Well, actually, there’s really nothing to report from Bitche, in northeastern France, except the town’s inclusion in a silly, irresistible EuroNews.com roundup of places with unfortunate names. Among the others making the cut: Dull, Scotland; Condom, France; Climax, United States; Fucking, Austria (though the town recently threw up its hands and renamed itself Fugging); and Hell, Norway. (No word on whether a similar pivot to Heck, Norway—or at least H-E-Double-Hockey-Sticks, Norway—is under consideration.)

Israeli spy Eli Cohen, who was executed by Syria in Damascus in 1965.

Thanks to Russian mediation, a deal is reportedly in the works that would return to Israel the body of one of its most renowned spies, Eli Cohen. Cohen (who was portrayed by another Cohen, Sacha Baron, in the 2019 Netflix series The Spy) was an Egyptian Jew who worked for the Mossad undercover in Syria for several years before being caught and executed there in 1965. “The skill with which he had integrated himself into the highest echelons of Syrian life, plying contacts with alcohol at wild parties as he extracted information, while keeping his wife and children back home in Israel, made him the stuff of legends,” noted The Times of London. Still: “There have been rumours before that the Assad regime might relent and return the body.” Nevertheless, the newspaper reported, “Cohen’s widow, Nadia, and their daughters are said to have been closely watching the renewed co-operation between Russia and Israel.”

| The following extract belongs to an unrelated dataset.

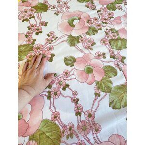 Vintage 1970s curtain, dramatic oversized pink flowers, sheer, rod heading panel
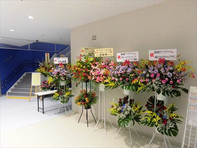 筆者も同時に足を踏み入れると・・・まず目に付いたのは、花。さまざまな団体から送られているようだ。その中に・・・!

Part of the four-year renovation of the soon-to-reopen Musée Carnavalet has apparently involved the removal of Roman numerals, much to the dismay of purists for whom the idea of Louis XIV becoming Louis 14 is anathema. The controversial switch is being justified by the museum—a museum of Parisian history, ironically enough—on the grounds of “universal accessibility,” reported The Times of London. “Le Figaro said it ‘pricks the eyes’ to see the Sun King” so described, said The Times, which also quoted the writer Jacques Gaillard as lamenting that “ancient culture is beating a discreet retreat. Knowledge is being wiped out,” and blaming “American influence.” However, Le Figaro disputed that last bit, citing Rocky II, III, IV, and V, in the process turning Sylvester Stallone into a warrior for high culture.

Two dozen paintings of Tintin that feature the wholesome cartoon reporter-adventurer in rather more risqué situations than readers—or the estate of his creator, Hergé—are accustomed to has landed the offending artist in court. Xavier Marabout placed Tintin in a series of Edward Hopper tableaux, “including in hotel rooms with women, one of whom he is kissing,” reported The Times of London. Nick Rodwell, who is married to Hergé’s widow, is alleging counterfeiting and infringement of moral rights. Marabout argues that artists have the right to parody. (“I had fun imagining a romantic life for Tintin using the voyeuristic side of Hopper,” he said.) Naturally, Tintin’s wire fox terrier, Snowy, also figures in the paintings, his devotion evidently extending all the way to 21st-century acrylic mash-ups.